A manufacturer of an FDA-approved prescription drug is not automatically shielded from strict liability for a design defect. Instead, the "unavoidably unsafe" product doctrine (Restatement (Second) of Torts § 402A, comment k) is an affirmative defense that the manufacturer must prove on a case-by-case basis by showing the drug was properly made with adequate warnings, its benefits outweighed its risks, and it could not have been made safer.

Facts:

• On September 23, 1995, Aimee Freeman sought treatment from her physician for chronic acne.
• Her physician prescribed Accutane, a drug designed and manufactured by Hoffman-La Roche, Inc. (Hoffman).
• Freeman took Accutane for approximately two months, from late September through November 20, 1995.
• As a result of taking the drug, Freeman developed multiple serious health problems, including ulcerative colitis, inflammatory polyarthritis, and optic nerve issues.
• Freeman alleged that Hoffman knew Accutane posed significant health risks but misled the medical community and patients with incomplete information and misrepresentations about the drug's safety.
• Freeman and her physician relied upon these alleged misrepresentations when deciding to use Accutane.

Procedural Posture:

• Aimee Freeman filed a petition against Hoffman-La Roche, Inc. in the district court (trial court) alleging seven theories of recovery for injuries sustained from using Accutane.
• Hoffman filed a demurrer, arguing the petition failed to state a cause of action based on the precedent set in McDaniel v.
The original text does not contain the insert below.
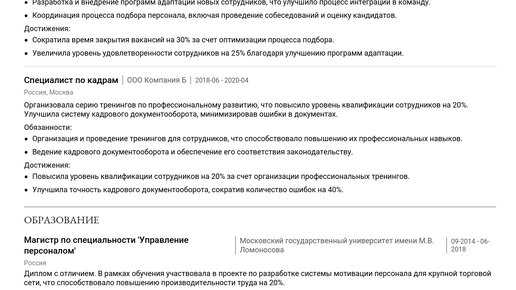 Пример резюме старшего специалиста по кадрам 2025 - Готовые примеры

McNeil Laboratories, Inc.
• The district court sustained the demurrer, dismissing the action but granting Freeman leave to amend her petition to allege fraud in the FDA approval process.
• Freeman declined to amend her petition and stood on her original filing.
• The district court dismissed Freeman's action with prejudice.
• Freeman, as appellant, appealed the dismissal to the Supreme Court of Nebraska.